» Information provided
————
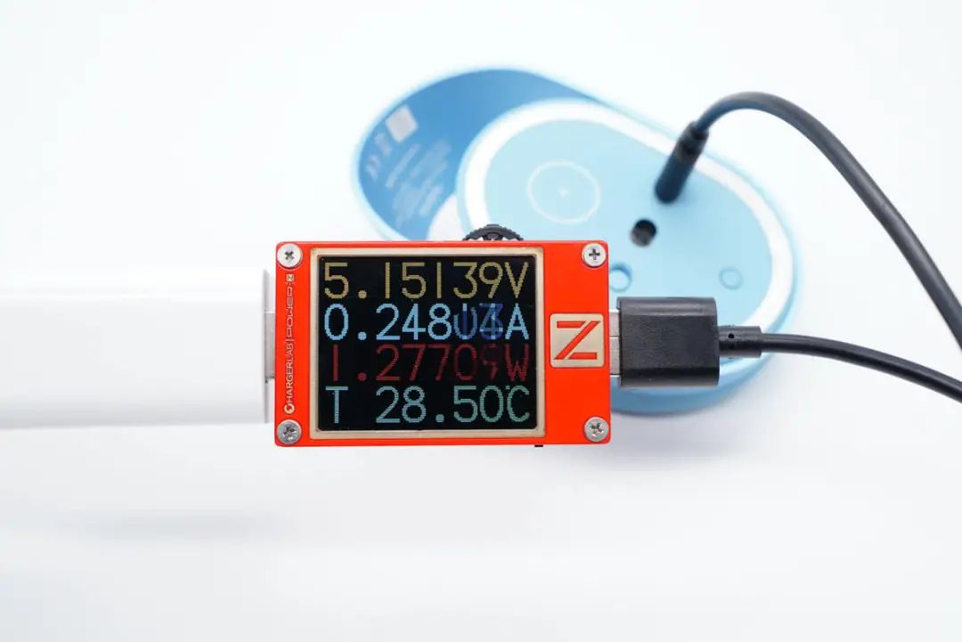 另外進行有線充電測試,使用KT002可以測得充電功率為5.15V 0.25A 1.28W。
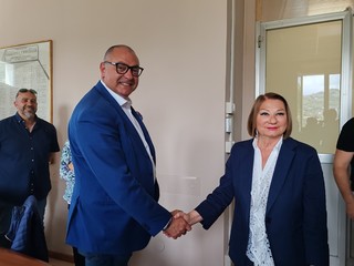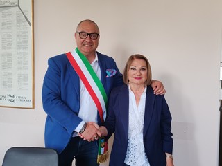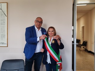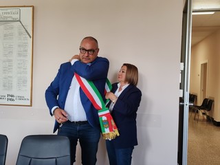 Fabio Perri si insedia come sindaco di Vallecrosia. E' avvenuto questa mattina in Comune il passaggio della fascia tricolore e la stretta di mano tra il neo sindaco e l'ex sindaco pro tempore Marilena Piardi.
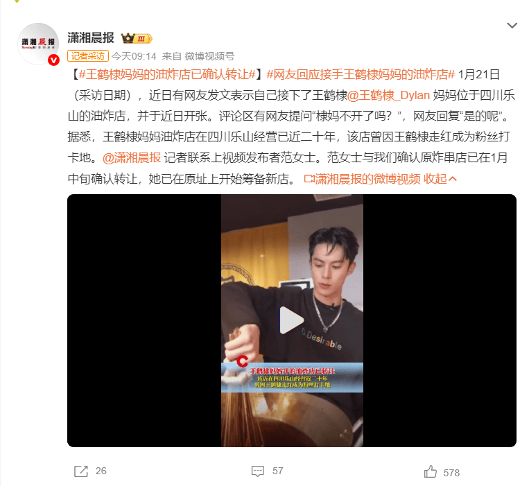 1月21日,近日有网友发文表示自己接下了王鹤棣妈妈位于四川乐山的油炸店,并于近日开张。评论区有网友提问“棣妈不开了吗?”,网友回复“是的呢”。据悉,王鹤棣妈妈油炸店在四川乐山经营已近二十年,该店曾因王鹤棣走红成为粉丝打卡地。潇湘晨报记者联系上视频发布者范女士。范女士与我们确认原炸串店已在1月中旬确认转让,她已在原址上开始筹备新店。
————
Ignoring the pictures, write out word for word the lines from the line containing "Fabio Perri si" through the end of the material above.

» Solution for this exercise
 Fabio Perri si insedia come sindaco di Vallecrosia. E' avvenuto questa mattina in Comune il passaggio della fascia tricolore e la stretta di mano tra il neo sindaco e l'ex sindaco pro tempore Marilena Piardi.
 1月21日,近日有网友发文表示自己接下了王鹤棣妈妈位于四川乐山的油炸店,并于近日开张。评论区有网友提问“棣妈不开了吗?”,网友回复“是的呢”。据悉,王鹤棣妈妈油炸店在四川乐山经营已近二十年,该店曾因王鹤棣走红成为粉丝打卡地。潇湘晨报记者联系上视频发布者范女士。范女士与我们确认原炸串店已在1月中旬确认转让,她已在原址上开始筹备新店。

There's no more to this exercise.